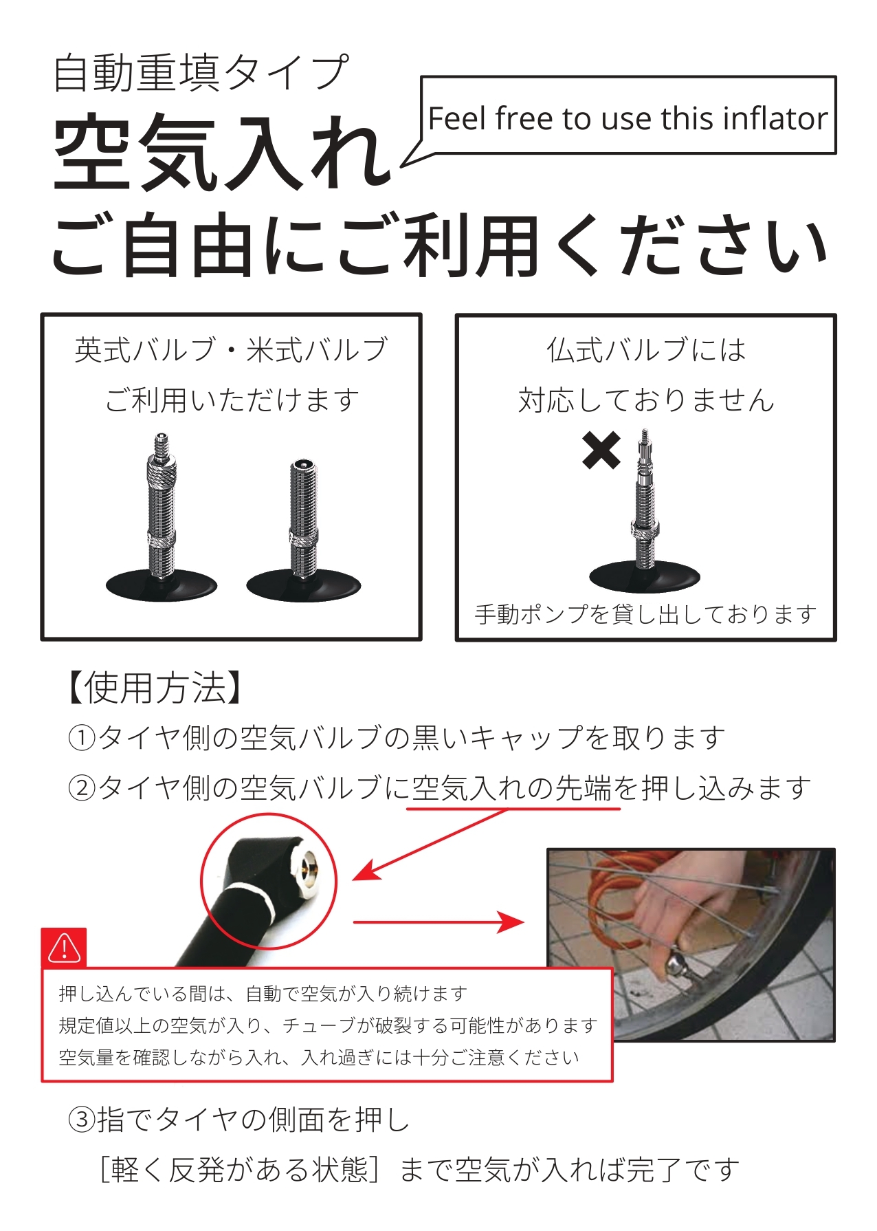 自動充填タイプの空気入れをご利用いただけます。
...
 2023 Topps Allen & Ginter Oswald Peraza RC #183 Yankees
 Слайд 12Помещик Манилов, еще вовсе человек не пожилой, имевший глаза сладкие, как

## What is being asked
Scan the listing above for the line that has "2023 Topps Allen", then copy exactly from that line through the line that has "Слайд 12Помещик Манилов, еще".

## Task result
 2023 Topps Allen & Ginter Oswald Peraza RC #183 Yankees
 Слайд 12Помещик Манилов, еще вовсе человек не пожилой, имевший глаза сладкие, как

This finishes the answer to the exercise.